When recognizing speech sounds in a sequence.
When predicting the next move in a game based on past moves.
Syntax
PyTorch
hidden = torch.zeros(num_layers, batch_size, hidden_size)
hidden = model.init_hidden(batch_size)
output, hidden = model(input, hidden)

The hidden state is usually a tensor that holds past information.

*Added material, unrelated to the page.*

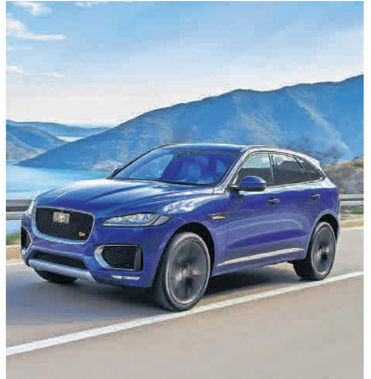
Der Jaguar F-PACE überzeugt als kraftvolles und elegantes SUV.

Mit Jaguar präsentiert Reichstein & Opitz Modelle, die atemberaubendes Design und beeindruckende Performance verbinden. Dem Jaguar XF gibt eine unvergleichliche Kombination aus Stil, Dynamik und Komfort seinen unverwechselbaren Charakter, der sowohl Fahrspaß als auch Effizienz bietet. Als beste Limousine in der Kategorie „Mittel- und Oberklasse“ wurde der XF zuletzt mit dem „Goldenen Lenkrad“ ausgezeichnet, dem bekanntesten deutschen Automobilpreis. Bei dem von Bild am Sonntag und Auto Bild ausgelobten Preis

You pass the hidden state to the model and get an updated hidden state back.

Examples
Initialize hidden state with zeros for 1 layer, batch size 1, and hidden size 10.
PyTorch
hidden = torch.zeros(1, 1, 10)
output, hidden = rnn(input, hidden)
Use a model method to create hidden state for batch size 5, then run input through model.
PyTorch
hidden = model.init_hidden(batch_size=5)
output, hidden = model(input, hidden)
Passing None lets PyTorch initialize hidden state automatically.
PyTorch
hidden = None
output, hidden = rnn(input, hidden)
Sample Model

This code creates a simple RNN model that takes sequences of 3 numbers, processes them, and outputs 2 numbers per sequence. It shows how to initialize and pass the hidden state.

PyTorch
import torch
import torch.nn as nn

class SimpleRNN(nn.Module):
    def __init__(self, input_size, hidden_size, output_size):
        super().__init__()
        self.hidden_size = hidden_size
        self.rnn = nn.RNN(input_size, hidden_size, batch_first=True)
        self.fc = nn.Linear(hidden_size, output_size)

    def forward(self, x, hidden):
        out, hidden = self.rnn(x, hidden)
        out = self.fc(out[:, -1, :])
        return out, hidden

    def init_hidden(self, batch_size):
        return torch.zeros(1, batch_size, self.hidden_size)

# Parameters
input_size = 3
hidden_size = 5
output_size = 2
batch_size = 4
seq_len = 6

# Create model
model = SimpleRNN(input_size, hidden_size, output_size)

# Random input: batch_size sequences, each of length seq_len, each element size input_size
inputs = torch.randn(batch_size, seq_len, input_size)

# Initialize hidden state
hidden = model.init_hidden(batch_size)

# Forward pass
outputs, hidden = model(inputs, hidden)

print("Output shape:", outputs.shape)
print("Output values:", outputs)
print("Hidden state shape:", hidden.shape)
OutputSuccess
Important Notes

Always match the hidden state shape to (num_layers, batch_size, hidden_size).

Keep hidden state between batches if you want to remember across sequences.

Reset hidden state to zeros when starting fresh sequences to avoid mixing data.

Summary

Hidden state stores past information in sequence models.

Initialize hidden state before feeding data to the model.

Pass hidden state along with input to keep track of sequence context.